Artistic Gymnastics Federation of Russia
- Formation: 1991; 35 years ago
- Type: National sports governing body
- Location: Moscow, Luzhnetskaya nab., 8;
- Region served: Russia
- President: Andrey L. Kostin
- Affiliations: UEG, FIG
- Website: sportgymrus.ru

= Artistic Gymnastics Federation of Russia =

Sports governing body in Russia

The Artistic Gymnastics Federation of Russia (AGFR; Федерация спортивной гимнастики России) was the governing body of artistic gymnastics in Russia. It was a member federation of both the European Union of Gymnastics and the International Gymnastics Federation.

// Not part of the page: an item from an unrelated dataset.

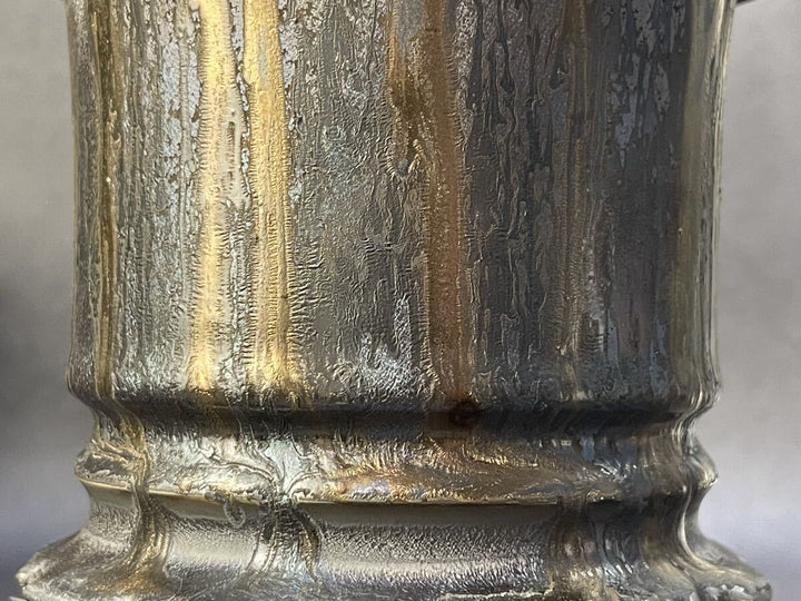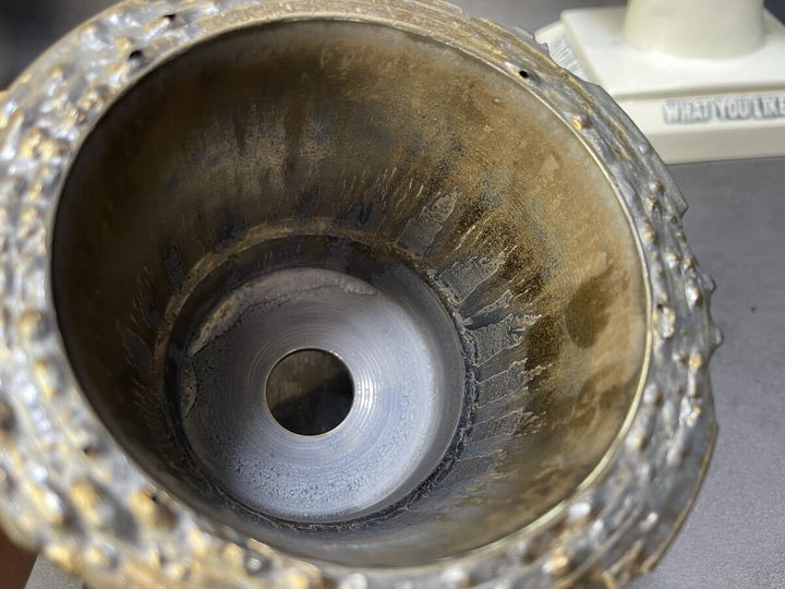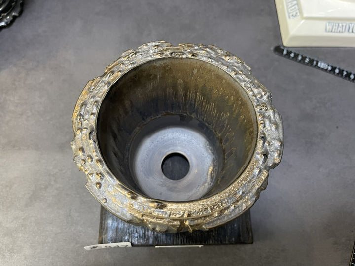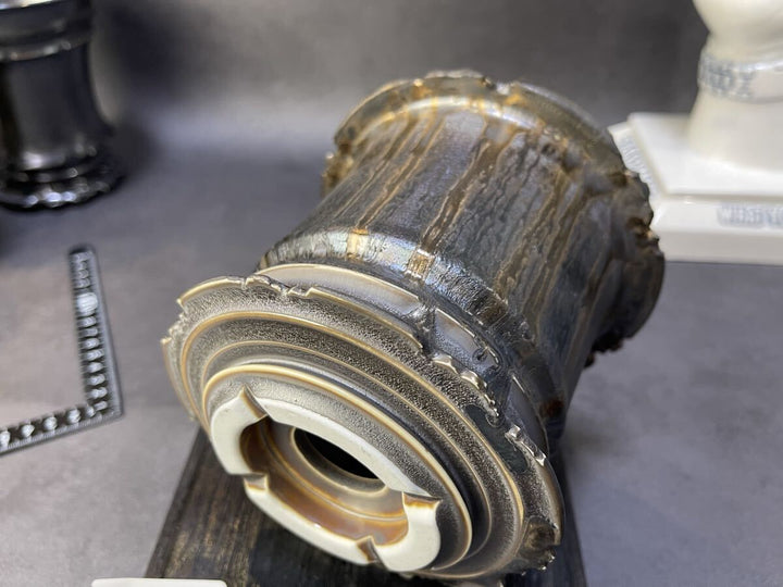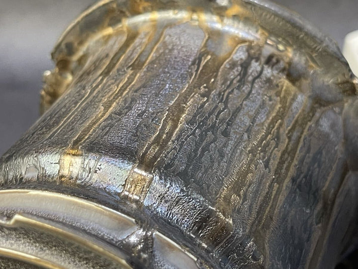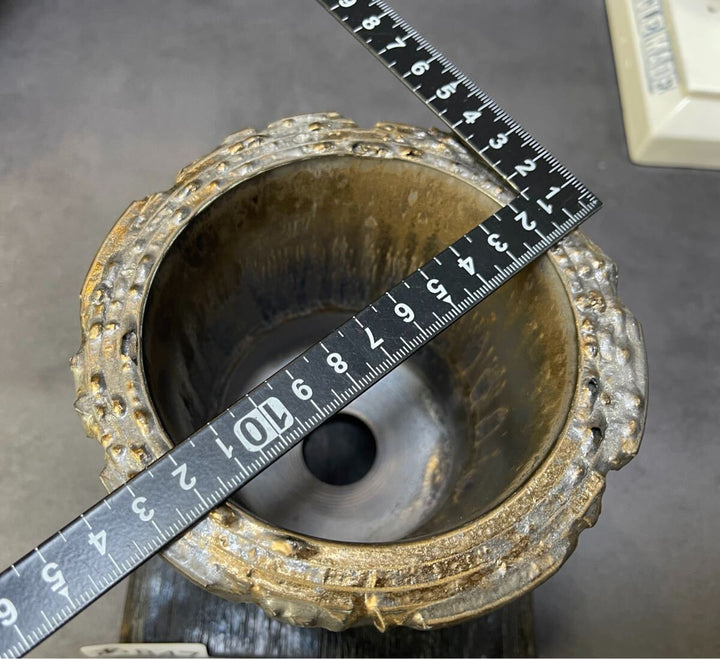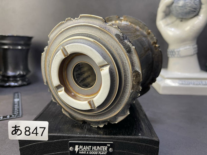 【PLANT HUNTER|熔黒金 - MELTED BLACK GOLD SERIES】 鉄灰の地肌に金属光沢がゆらめき、 口縁から溶け落ちたような金色の釉流が 熔岩のように固まった、迫力ある一点。 外側は火山釉特有の爆裂質感が重なり、 下部の多層リムは鍛造金属が冷えて固まったかのような表情。 内側まで金属霧化釉で仕上げられ、 作品全体が「溶けた鉄の瞬間」を封じ込めたような存在感を放ちます。...

On 1 October 2024, it was merged into the Russian Gymnastics Federation together with four other Russian sports federations governing specific gymnastics disciplines.

==History==
The first national federation for Russian gymnastics was the Russian Gymnastics Society, established in the Russian Empire in 1883. Its founding members included Vladimir Gilyarovsky and Anton Chekhov.

Following the revolution of 1917, gymnastics in the Russian SFSR and later Soviet Union was governed by the Gymnastics Section under the Committee for Physical Culture and Sports under the Council of Ministers of the USSR. The most likely year of the Gymnastics Section's creation is 1930, when the All-Union Council on Physical Culture and Sports was formed on the basis of the Committee. The Gymnastics Section became known as the USSR Gymnastics Federation after it joined FIG in 1949.

In 1946, the Committee for Physical Culture and Sports of the Council of Ministers of the Russian SFSR created the Gymnastics Section of the Russian SFSR as the central department of the USSR Gymnastics Section. From 1949, the Gymnastics Section of the Russian SFSR became known as the Federation of Gymnastics of the Russian SFSR.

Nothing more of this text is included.